In the simplest terms, a mapping step is responsible for processing input data and generating key -> value pairs. Hadoop takes care of aggregating all values with their corresponding keys and passing this result (key -> collection of values) to a reduction step. A reduction step is responsible for reducing the collection of values into a suitable output value. See the Hadoop quick start guide for a simple implementation of both a map and reduce step.

Step 3: The mapping step

Take the following problem definition: Given a collection of apache log files determine the urls with the most hits and return them in descending order.

The mapping step is fairly straight forward. It’s responsible for parsing individual log records and outputting a url and count for each.

In this example, the count would always be 1 and you can think of this mapping step as a marker. It’s responsible for flagging the url from each record it parses. It’s the reduction step’s responsibility to count up all of the individual flags.

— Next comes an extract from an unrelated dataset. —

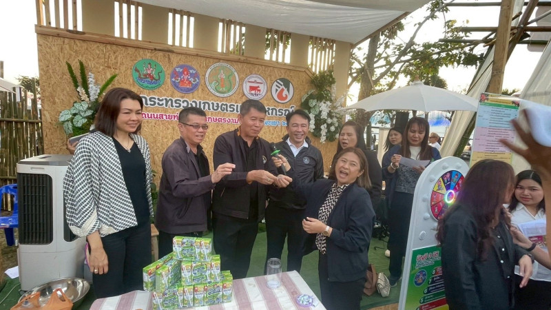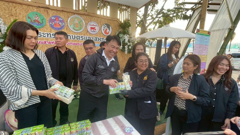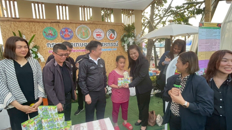 โอกาสนี้ อธิบดีกรมส่งเสริมสหกรณ์ ได้มอบข้าวหอมละมุน ของสหกรณ์การเกษตรจุน จำกัด และมอบผลิตภัณฑ์ นมไทย-เดนมาร์ค จากองค์การส่งเสริมกิจการโคนมแห่งประเทศไทย และผลิตภัณฑ์ นมดัชมิลล์ จากบริษัท ดัชมิลล์ จำกัด ให้แก่ผู้เข้าร่วมงานและนักท่องเที่ยว เพื่อเป็นการประชาสัมพันธ์และสนับสนุนการบริโภคสินค้าคุณภาพของเกษตรกรไทยอีกด้วย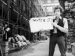 ![]() | 『ドント・ルック・バック』(Dont Look Back) アメリカ/1967/96分/35mm上映 監督:D・A・ペネベイカー 出演:ボブ・ディラン、ジョーン・バエズ、アラン・プライス、ドノバン フォーク・ロックムーヴメントの先駆者ボブ・ディランの、64年のイギリスツアーを追ったドキュメンタリー。アコースティック・ギターから転向した彼の、初のエレクトリック・アルバム"Bringing It All Back Home"に収録されている"Subterranean Homesick Blues"を冒頭に、ファンの嬌声と取材陣に迎えられてのロンドン空港到着の模様から始まり、約2週間にわたるツアーを、コンサート・シーンとプライヴェート・シーンを織り交ぜて映し出す。 |

Step 4: The reduction step

Example Input: [http://www.google.ca, [1,1,1,1,1,1,1]], [http://www.yahoo.com, [1,1,1], [http://www.microsoft.com, [1,1,1,1,1]]

As mentioned previously, the responsibility of the reduction step in this example is to reduce these inputs by counting up the number of flags. The output would look something like:

[http://www.google.ca, 7], [http://www.yahoo.com, 3]

Step 5: Putting it all together

That’s it. The result of running a job with these map and reduce steps would be similar to:

http://www.google.ca 7

http://www.yahoo.com 3

http://www.microsoft.com 5

Unfortunately the outputs are sorted by value and we haven’t yet quite satisfied the problem definition. However, the beauty is that we can now pass this output through another mapper that will invert the key/value and then sort by key. The output of that job will be a list of urls sorted by their hit count. Success!

All in all it’s an incredibly powerful idea and framework. Absolutely overkill for small tasks like these but if you’ve got a many terabytes (or petabytes) of data and a couple thousand processing nodes, it’s more than adequate.